Though you will have to put mesh on the top as the bar spacing is too wide for hamsters (its supposed to be for rabbits) and they may escape otherwise

Hagen Zoozone Small Animal Critter Home - Medium Pink

I also love the Gabber rex cages... they are hard to find but they sometimes have them on ebay... I won one for £6 

HarveyHams

oooo and piccies of the newbie please...

You may also want to post this in the rodents section as we dont often come in here


----------



## Spaniel mad (Jul 17, 2009)

Thanx guys

Just want a cage where my cats cant attempt to get the hammie and eat for dinner


----------



## srhdufe (Feb 11, 2009)

Spaniel mad said:


> Thanx guys
> 
> Just want a cage where my cats cant attempt to get the hammie and eat for dinner


hahahahaha


----------



## srhdufe (Feb 11, 2009)

What kind of hamster are you thinking of getting???


----------



## Spaniel mad (Jul 17, 2009)

srhdufe said:


> What kind of hamster are you thinking of getting???

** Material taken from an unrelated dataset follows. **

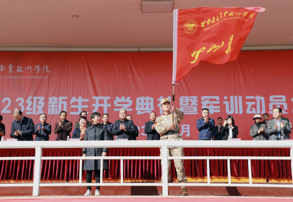 党委委员、副院长许洁宣读了《关于成立甘肃建筑职业技术学院2023级新生军训团组编的决定》。王娟丽同志为军训团授旗。

Well i was thinking of a syrian. I had different hammies before but i havnt had one in about 10 years


----------



## Akai-Chan (Feb 21, 2009)

Syrians are lovely hammies to have, if you have them from a baby and handle them lots they'll be really tame. They have to be kept on their own otherwise they'll fight though. Other smaller breeds like dwarf and chinese hammies I believe are more skittish and less handleable 

Peace
Akai-Chan


----------



## Spaniel mad (Jul 17, 2009)

Akai-Chan said:


> Syrians are lovely hammies to have, if you have them from a baby and handle them lots they'll be really tame. They have to be kept on their own otherwise they'll fight though. Other smaller breeds like dwarf and chinese hammies I believe are more skittish and less handleable
> 
> Peace
> Akai-Chan


I had a syrian that i called hammy and he/she was lovely. I handled it everyday and i cried my eyes out when he/she died.

I will just get the 1 and i deffo wont be buying it from pets at home lol


----------



## Akai-Chan (Feb 21, 2009)

Spaniel mad said:


> I had a syrian that i called hammy and he/she was lovely. I handled it everyday and i cried my eyes out when he/she died.
> 
> I will just get the 1 and i deffo wont be buying it from pets at home lol


I think Srhdufe on heres hamster just had a litter... Bug her and see if you can have one  (Keep poking her though, she won;t want to let any of them go. She's a hoarder I tells ye )

Peace
Akai-Chan


----------



## Spaniel mad (Jul 17, 2009)

Akai-Chan said:


> I think Srhdufe on heres hamster just had a litter... Bug her and see if you can have one  (Keep poking her though, she won;t want to let any of them go. She's a hoarder I tells ye )
> 
> Peace
> Akai-Chan


Aww bless her

I wouldnt want to let them go either lol


----------



## srhdufe (Feb 11, 2009)

Akai-Chan said:


> I think Srhdufe on heres hamster just had a litter... Bug her and see if you can have one  (Keep poking her though, she won;t want to let any of them go. She's a hoarder I tells ye )
> 
> Peace
> Akai-Chan


Me a ham hoarder???? :blushing:

Hehehehe maybe


----------



## thedogsmother (Aug 28, 2008)

srhdufe said:


> Me a ham hoarder???? :blushing:
> 
> Hehehehe maybe


Sorry I just wanted to add...... Ham hoarder ha ha ha ha ha ha ha ha ha ha h a.


----------



## srhdufe (Feb 11, 2009)

thedogsmother said:


> Sorry I just wanted to add...... Ham hoarder ha ha ha ha ha ha ha ha ha ha h a.


Well so are you!! :001_tt2:


----------



## thedogsmother (Aug 28, 2008)

srhdufe said:


> Well so are you!! :001_tt2:


Nope I've decided that I am a very very small hamster sanctuary, not a Ham hoarder.


----------



## srhdufe (Feb 11, 2009)

thedogsmother said:


> Nope I've decided that I am a very very small hamster sanctuary, not a Ham hoarder.


hahahaha well i think i must be that too then seen as tho i have more hams than you :001_tt2:


----------



## thedogsmother (Aug 28, 2008)

srhdufe said:


> hahahaha well i think i must be that too then seen as tho i have more hams than you :001_tt2:


That could depend on if Fred is pregnant with 26 babies


----------